*What this task involves*. The following data has a line with "更重要的是,整个场区覆盖着由" and a line with "1221*193*15mm超耐磨實木復合地板檢測報告". Write out exactly those lines and all the lines between them.

*Excerpted data*.

+--

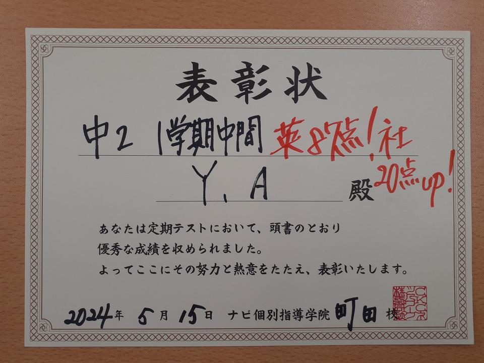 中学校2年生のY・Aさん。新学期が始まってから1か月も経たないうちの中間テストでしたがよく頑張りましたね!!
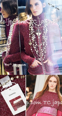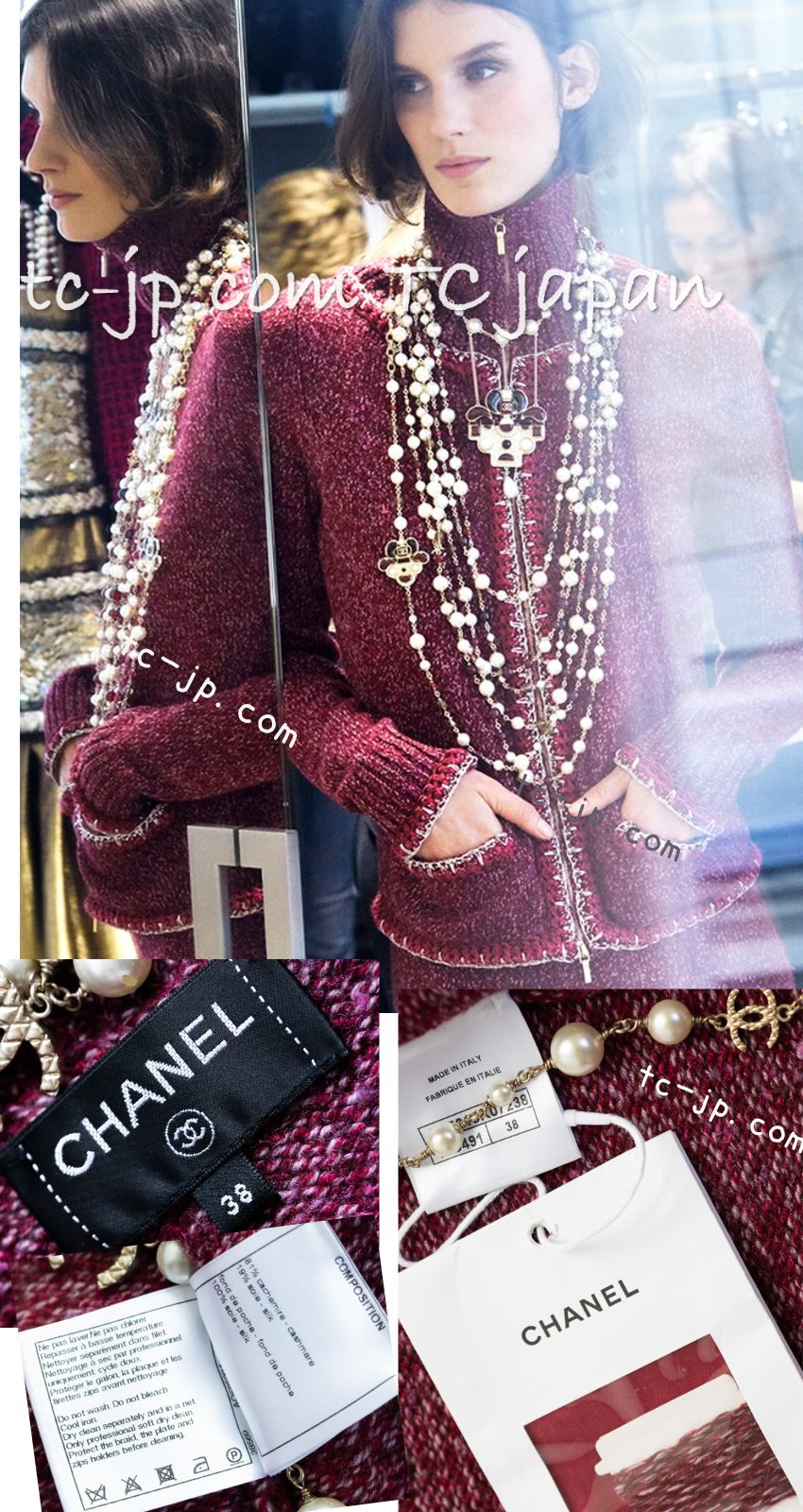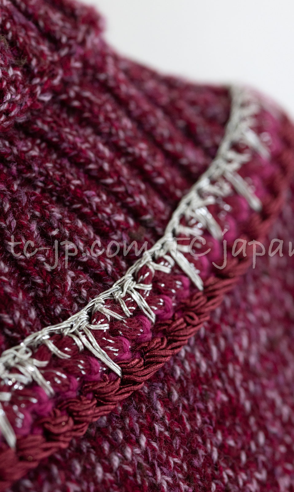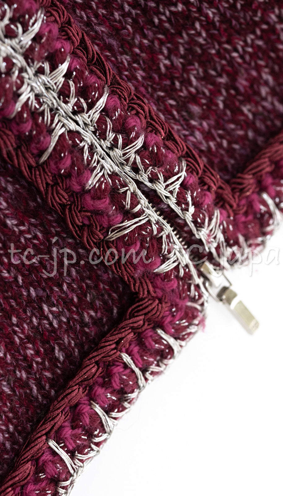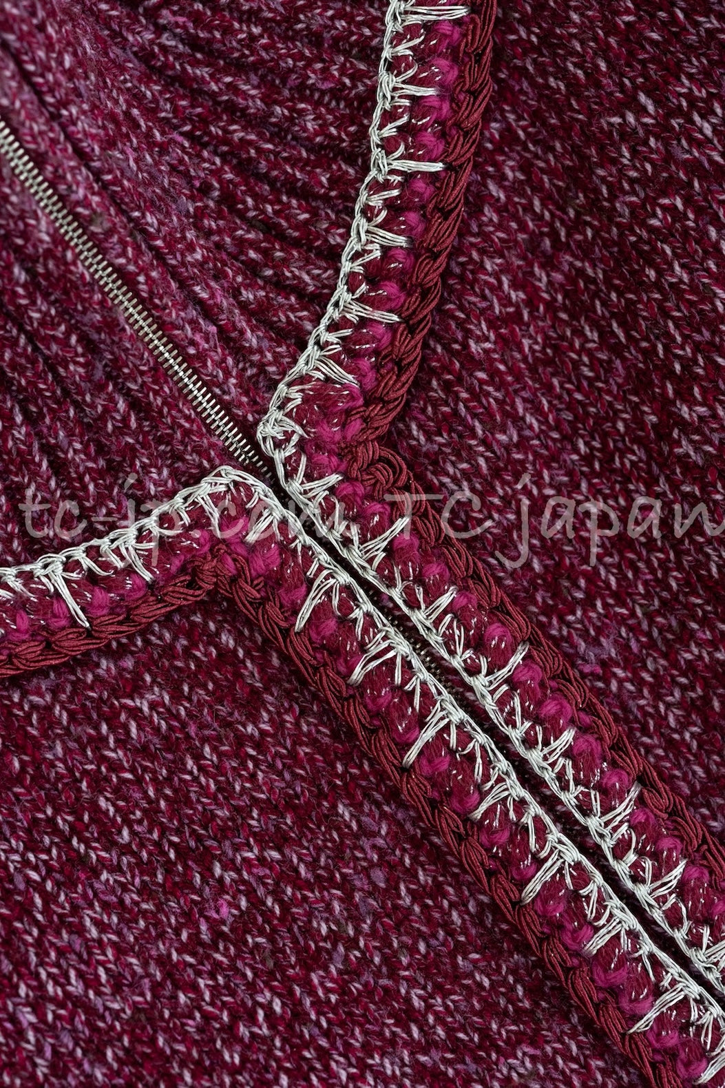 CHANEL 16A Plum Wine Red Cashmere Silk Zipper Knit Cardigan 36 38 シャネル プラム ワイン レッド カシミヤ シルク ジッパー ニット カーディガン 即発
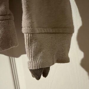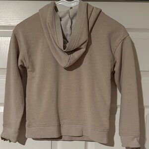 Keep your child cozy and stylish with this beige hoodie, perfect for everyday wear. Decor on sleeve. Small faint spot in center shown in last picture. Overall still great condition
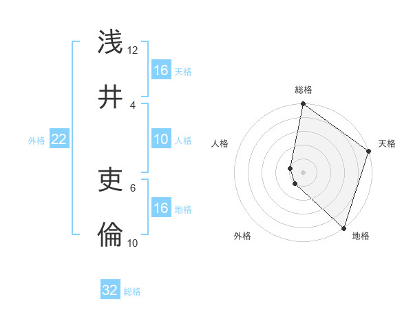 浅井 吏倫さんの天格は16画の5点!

+--

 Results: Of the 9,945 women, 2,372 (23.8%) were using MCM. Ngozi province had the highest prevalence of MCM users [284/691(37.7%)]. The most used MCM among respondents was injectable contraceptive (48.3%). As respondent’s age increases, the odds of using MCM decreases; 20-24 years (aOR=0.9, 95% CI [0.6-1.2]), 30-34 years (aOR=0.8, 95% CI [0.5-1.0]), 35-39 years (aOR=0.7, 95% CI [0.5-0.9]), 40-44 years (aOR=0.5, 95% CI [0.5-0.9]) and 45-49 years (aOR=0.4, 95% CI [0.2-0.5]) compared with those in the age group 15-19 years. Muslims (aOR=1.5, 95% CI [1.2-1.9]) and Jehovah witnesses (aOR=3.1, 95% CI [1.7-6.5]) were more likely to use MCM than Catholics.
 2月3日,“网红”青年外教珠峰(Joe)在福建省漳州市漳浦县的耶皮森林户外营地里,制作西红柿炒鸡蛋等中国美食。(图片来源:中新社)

+--

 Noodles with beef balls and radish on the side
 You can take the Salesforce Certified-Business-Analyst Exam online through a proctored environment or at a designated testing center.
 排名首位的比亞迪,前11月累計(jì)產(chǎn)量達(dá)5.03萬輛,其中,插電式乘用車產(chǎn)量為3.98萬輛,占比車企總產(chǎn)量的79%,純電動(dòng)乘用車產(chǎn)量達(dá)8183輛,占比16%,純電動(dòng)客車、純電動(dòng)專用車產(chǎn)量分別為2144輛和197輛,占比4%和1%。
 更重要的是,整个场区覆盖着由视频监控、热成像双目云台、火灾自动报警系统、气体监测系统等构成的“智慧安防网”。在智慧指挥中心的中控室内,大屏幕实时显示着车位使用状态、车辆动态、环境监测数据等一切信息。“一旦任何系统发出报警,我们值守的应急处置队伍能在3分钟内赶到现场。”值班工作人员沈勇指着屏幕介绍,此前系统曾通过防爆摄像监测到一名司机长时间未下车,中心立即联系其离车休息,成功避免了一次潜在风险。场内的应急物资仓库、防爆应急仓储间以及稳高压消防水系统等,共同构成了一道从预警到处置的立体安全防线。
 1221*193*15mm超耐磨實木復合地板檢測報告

+--

*Problem solution*.
 更重要的是,整个场区覆盖着由视频监控、热成像双目云台、火灾自动报警系统、气体监测系统等构成的“智慧安防网”。在智慧指挥中心的中控室内,大屏幕实时显示着车位使用状态、车辆动态、环境监测数据等一切信息。“一旦任何系统发出报警,我们值守的应急处置队伍能在3分钟内赶到现场。”值班工作人员沈勇指着屏幕介绍,此前系统曾通过防爆摄像监测到一名司机长时间未下车,中心立即联系其离车休息,成功避免了一次潜在风险。场内的应急物资仓库、防爆应急仓储间以及稳高压消防水系统等,共同构成了一道从预警到处置的立体安全防线。
 1221*193*15mm超耐磨實木復合地板檢測報告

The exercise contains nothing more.